The AIND metadata assets are a series of heavily nested JSON files. Due to the data's semi-structured nature, additional steps were required to prepare the data for chatbot processing. The database used is AWS' DocDB, hosted on MongoDB. The current embedding model is Amazon's titan-embed-2.0
.
The embedding procedure for metadata aims to help optimize chatbot reponses to queries about specific assets and subjects. It performs better on semantic searches compared to quantifiable queries. As a result, the vector store picks up the slack when MongoDB aggregation pipelines don't suffice to find the appropriate response.
Physiology (PHYSIO) and Microscopy (SPIM) modalities are encoded differently in the database.
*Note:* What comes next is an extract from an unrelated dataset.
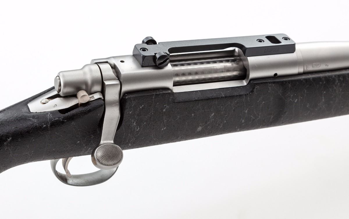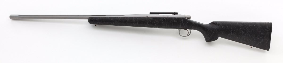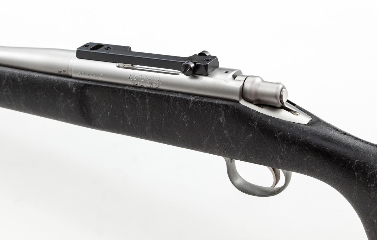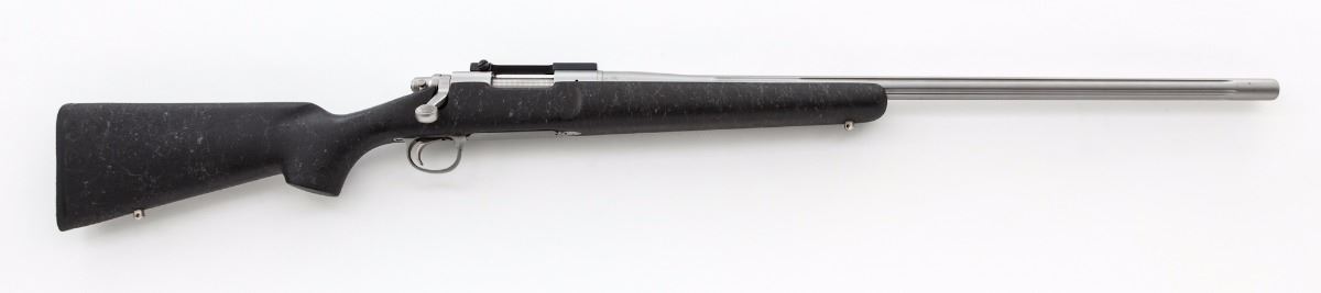 Remington Model 700 Bolt Action Rifle, #S6273373, .22-250 cal., 26'' fluted barrel, matte stainless, textured pistol-grip black synthetic stock with gray accents, sling swivel studs, topped with a Leupold one-piece scope base. Condition is near excellent showing normal signs of moderate use, including scattered light scuffs and other marks from handling, the most noticeable being to the floorplate and triggerguard. Action and bore are excellent. Est.: $500-$800. (Modern)

Specifically, SPIM experiments consist of instruments and acquisition files wheras PHYSIO experiments consist of rig and session files, respectively. Hence a general embedding algorithm cannot be applied to all assets. The two types of modalities had to be split and processed differently.
Most frequently searched and nested fields in the metadata are data_description, subject, procedures, along with the 2 aforementioned fields for the PHYSIO and SPIM modalities. These fields are put through Langchain's RecursiveJSONsplitter
to be chunked in preparation for vectorizing. The chunking process preserves the nesting structure of the field. So, no matter how nested a valueu is, the chunk will preserve it's parents and the hierarchy.
After vectorization, each embedding is stored in MongoDB along with the subject_id
, name
and modality
fields. This allowd for the retrieval system of the chatbot to filter only relevant information. Furthermore, indexes have been applied to these fields in MongoDB, decreasing retrieval times by almost 100%.